April 13, 2024

A new quantum light source

Physical 17, 51

A new device consisting of a semiconductor ring produces entangled pairs of photons that could be used in a photonic quantum processor.

Q. Zhou/University of Electronic Science and Technology of China

Dragon optics. Zhou and his colleagues created this fantastic image in honor of the Chinese Year of the Dragon (2024).

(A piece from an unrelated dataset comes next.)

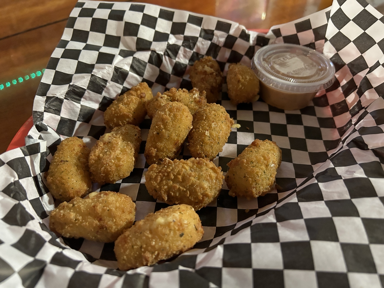 妻は「ピクセルズ(Pixels)」と名付けられたIPA、私は「ヴァニラ・ザ・ハン(Vanilla the Hun)」と名付けられたポーター(黒ビールの一種)をチョイス。ビールのアテには「スモーク・ゴーダ・マック・アンド・チーズ・バイツ」…アメリカのおふくろの味であるマックンチーズを、小さく丸めて揚げたものです。これイケる! そして「オニオンリング」。茶色一色ですが、これこそがアメリカ南部流。
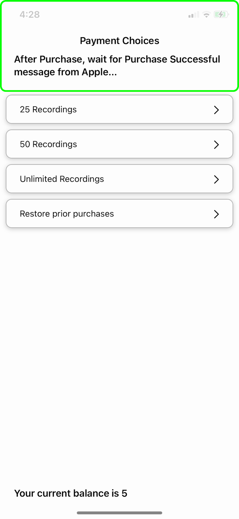 -Initial download permits 5 recordings. Additional recordings need in-app purchases

The dragons symbolize the gallium nitride ring. One dragon absorbs photons from a laser (left), while the second dragon emits entangled photons (right).

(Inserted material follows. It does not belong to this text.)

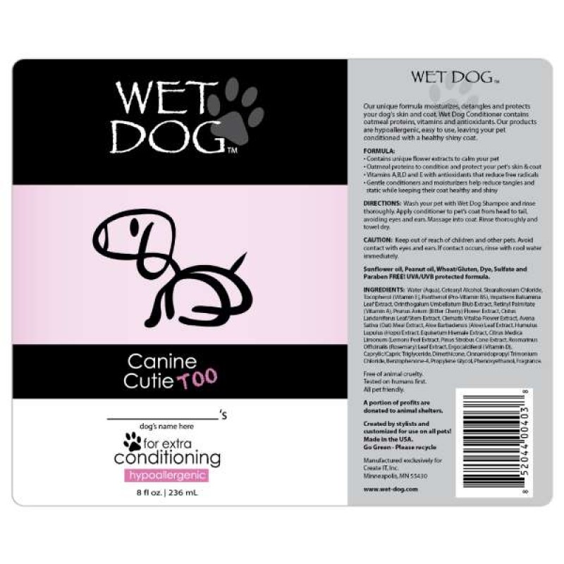 Wet Dog Canine Cutie Conditioner moisturizes, detangles and protects your dog's skin and coat. Our unique formula contains calming flower extracts so your pet can enjoy their spa treatment right at home. Our dog shampoos & conditioners are hypoallergenic, easy to use, leaving your pet conditioned, calm and content. Canine Cutie Conditioner contains oatmeal protein, vitamins and antioxidants to protect your dog until their next treatment. FREE OF ANIMAL CRUELTY - TESTED ON HUMANS FIRST - 100% PET FRIENDLY Thank you for shopping at Victorypetsupply.com

Quantum light sources produce entangled pairs of photons that can be used in quantum computing and cryptography. A new experiment has demonstrated a quantum light source made from the semiconductor gallium nitride. This material provides a versatile platform for device fabrication, having previously been used for lasers, detectors, and on-chip waveguides. Combined with these other optical components, the new quantum light source opens up the potential to build a complex quantum circuit, like a photonic quantum processor, on a single chip.

Quantum optics is a rapidly advancing field, with many experiments using photons to carry quantum information and perform quantum calculations. However, for optical systems to compete with other quantum information technologies, quantum optical devices will have to be reduced from the size of a table to the size of a microchip. An important step in this transformation is the development of quantum light generation on a semiconductor chip. Several research teams have achieved this feat using materials such as aluminum gallium arsenide, indium phosphide, and silicon carbide. And yet, a fully integrated photonic circuit will require a host of components beyond quantum light sources.

With the goal of eventually building such a complete circuit, Qiang Zhou of the University of Electronic Science and Technology of China and his colleagues have set their sights on gallium nitride. This material is well known for its use in the first blue LEDs – a development that was recognized with the 2014 Nobel Prize in Physics (see Editors’ Notes: Blue was the hardest color). Recent work has shown that sapphire-grown gallium nitride can be used for a range of quantum optical functions, such as lasers, optical filtering, and single-photon detection. “The gallium nitride platform offers promising prospects for advancing photonic quantum chips in the near future,” says Zhou.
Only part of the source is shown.